TIME COMPLEXITY OF N-QUEEN PROBLEM IS

> O(N!)

Explanation: If we add all this up and define the run time as T(N). Then T(N) = O(N2) + N*T(N-1). If you draw a recursion tree using this recurrence, the final term will be something like n3+ n!O(1). By the definition of Big O, this can be reduced to O(n!) running time.

Answer 4

O(n^n) is definitely an upper bound on solving n-queens using backtracking. I'm assuming that you are solving this by assigning a queen column-wise. However, consider this - when you assign a location of the queen in the first column, you have n options, after that, you only have n-1 options as you can't place the queen in the same row as the first queen, then n-2 and so on. Thus, the worst-case complexity is still upper bounded by O(n!).

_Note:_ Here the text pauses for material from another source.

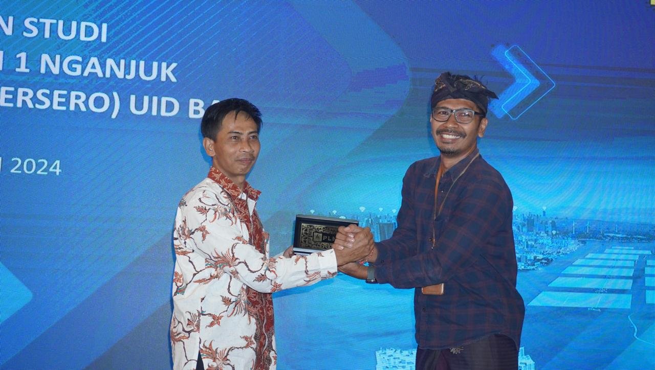 Foto: PLN yang diwakili Pelaksana Harian Manager Administrasi Pelayanan Pelanggan menyerahkan cinderamata kepada pereakilan Guru SMKN 1 Nganjuk. (Sumber: BB/PLN).

Hope this answers your question even though I'm almost 4 years late!

Answer 5

Let us consider that our queen is a rook, meaning we need not take care of diagonal conflicts.

Time complexity in this case will be O(N!) in the worst case, supposed if we were on a hunt to check if any solution exists or not. Here is a simple explanation.

Let us take an example where N=4.

Supposed we are want to fill the 2-D matrix. X represents a vacant position while 1 represents a taken position.

In the starting, the answer matrix (which we need to fill) looks like,

X X X X
X X X X
X X X X
X X X X

Let us fill this row-wise, meaning will select one location in each row then move forward to the next row.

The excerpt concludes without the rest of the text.